(Data to process):
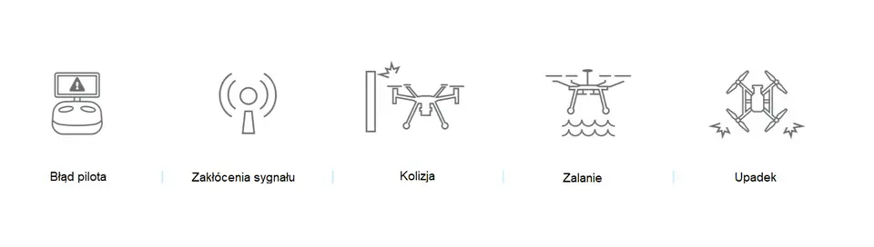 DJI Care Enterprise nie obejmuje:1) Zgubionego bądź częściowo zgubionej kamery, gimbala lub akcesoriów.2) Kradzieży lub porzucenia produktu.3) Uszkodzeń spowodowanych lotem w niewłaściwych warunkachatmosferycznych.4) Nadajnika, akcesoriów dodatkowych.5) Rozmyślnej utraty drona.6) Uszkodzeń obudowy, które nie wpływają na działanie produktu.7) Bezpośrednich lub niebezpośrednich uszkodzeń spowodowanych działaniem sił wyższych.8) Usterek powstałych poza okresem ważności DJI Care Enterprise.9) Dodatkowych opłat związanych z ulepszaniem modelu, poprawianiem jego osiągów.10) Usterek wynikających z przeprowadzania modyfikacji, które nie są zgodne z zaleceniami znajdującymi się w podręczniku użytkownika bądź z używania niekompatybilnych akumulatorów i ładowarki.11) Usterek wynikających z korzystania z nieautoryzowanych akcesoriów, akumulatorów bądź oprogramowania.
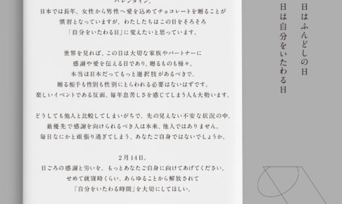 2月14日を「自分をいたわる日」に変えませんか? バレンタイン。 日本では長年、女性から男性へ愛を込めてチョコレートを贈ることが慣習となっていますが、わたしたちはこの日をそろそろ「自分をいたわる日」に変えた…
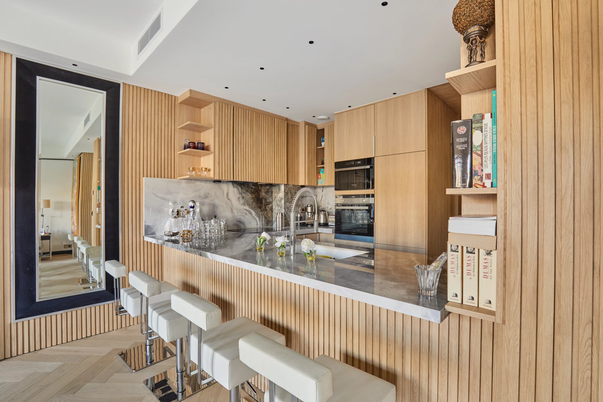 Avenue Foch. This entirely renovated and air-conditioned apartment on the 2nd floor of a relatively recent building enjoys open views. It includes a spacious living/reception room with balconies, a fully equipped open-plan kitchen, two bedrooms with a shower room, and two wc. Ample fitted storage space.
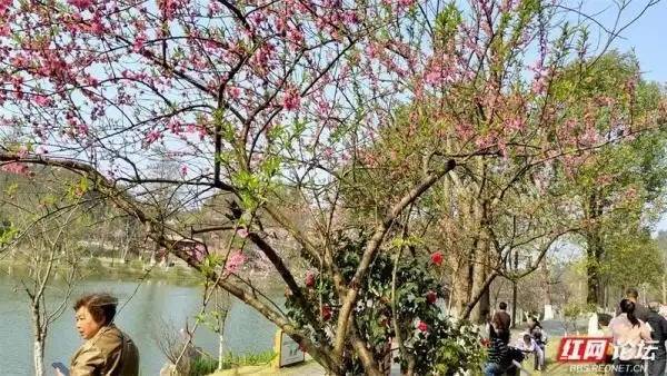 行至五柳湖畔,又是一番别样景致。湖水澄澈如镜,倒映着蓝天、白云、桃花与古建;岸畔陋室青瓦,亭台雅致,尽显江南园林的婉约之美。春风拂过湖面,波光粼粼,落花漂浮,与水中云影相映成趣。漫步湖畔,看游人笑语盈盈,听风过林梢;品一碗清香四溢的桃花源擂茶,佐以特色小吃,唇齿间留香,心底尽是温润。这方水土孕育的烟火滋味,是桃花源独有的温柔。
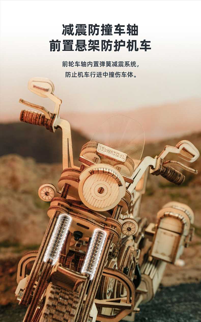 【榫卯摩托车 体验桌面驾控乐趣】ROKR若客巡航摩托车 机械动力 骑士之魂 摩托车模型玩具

(Problem): Omit the pictures, then quote the rest of the material above exactly.

(Output of the task):
 DJI Care Enterprise nie obejmuje:1) Zgubionego bądź częściowo zgubionej kamery, gimbala lub akcesoriów.2) Kradzieży lub porzucenia produktu.3) Uszkodzeń spowodowanych lotem w niewłaściwych warunkachatmosferycznych.4) Nadajnika, akcesoriów dodatkowych.5) Rozmyślnej utraty drona.6) Uszkodzeń obudowy, które nie wpływają na działanie produktu.7) Bezpośrednich lub niebezpośrednich uszkodzeń spowodowanych działaniem sił wyższych.8) Usterek powstałych poza okresem ważności DJI Care Enterprise.9) Dodatkowych opłat związanych z ulepszaniem modelu, poprawianiem jego osiągów.10) Usterek wynikających z przeprowadzania modyfikacji, które nie są zgodne z zaleceniami znajdującymi się w podręczniku użytkownika bądź z używania niekompatybilnych akumulatorów i ładowarki.11) Usterek wynikających z korzystania z nieautoryzowanych akcesoriów, akumulatorów bądź oprogramowania.
 2月14日を「自分をいたわる日」に変えませんか? バレンタイン。 日本では長年、女性から男性へ愛を込めてチョコレートを贈ることが慣習となっていますが、わたしたちはこの日をそろそろ「自分をいたわる日」に変えた…
 Avenue Foch. This entirely renovated and air-conditioned apartment on the 2nd floor of a relatively recent building enjoys open views. It includes a spacious living/reception room with balconies, a fully equipped open-plan kitchen, two bedrooms with a shower room, and two wc. Ample fitted storage space.
 行至五柳湖畔,又是一番别样景致。湖水澄澈如镜,倒映着蓝天、白云、桃花与古建;岸畔陋室青瓦,亭台雅致,尽显江南园林的婉约之美。春风拂过湖面,波光粼粼,落花漂浮,与水中云影相映成趣。漫步湖畔,看游人笑语盈盈,听风过林梢;品一碗清香四溢的桃花源擂茶,佐以特色小吃,唇齿间留香,心底尽是温润。这方水土孕育的烟火滋味,是桃花源独有的温柔。
 【榫卯摩托车 体验桌面驾控乐趣】ROKR若客巡航摩托车 机械动力 骑士之魂 摩托车模型玩具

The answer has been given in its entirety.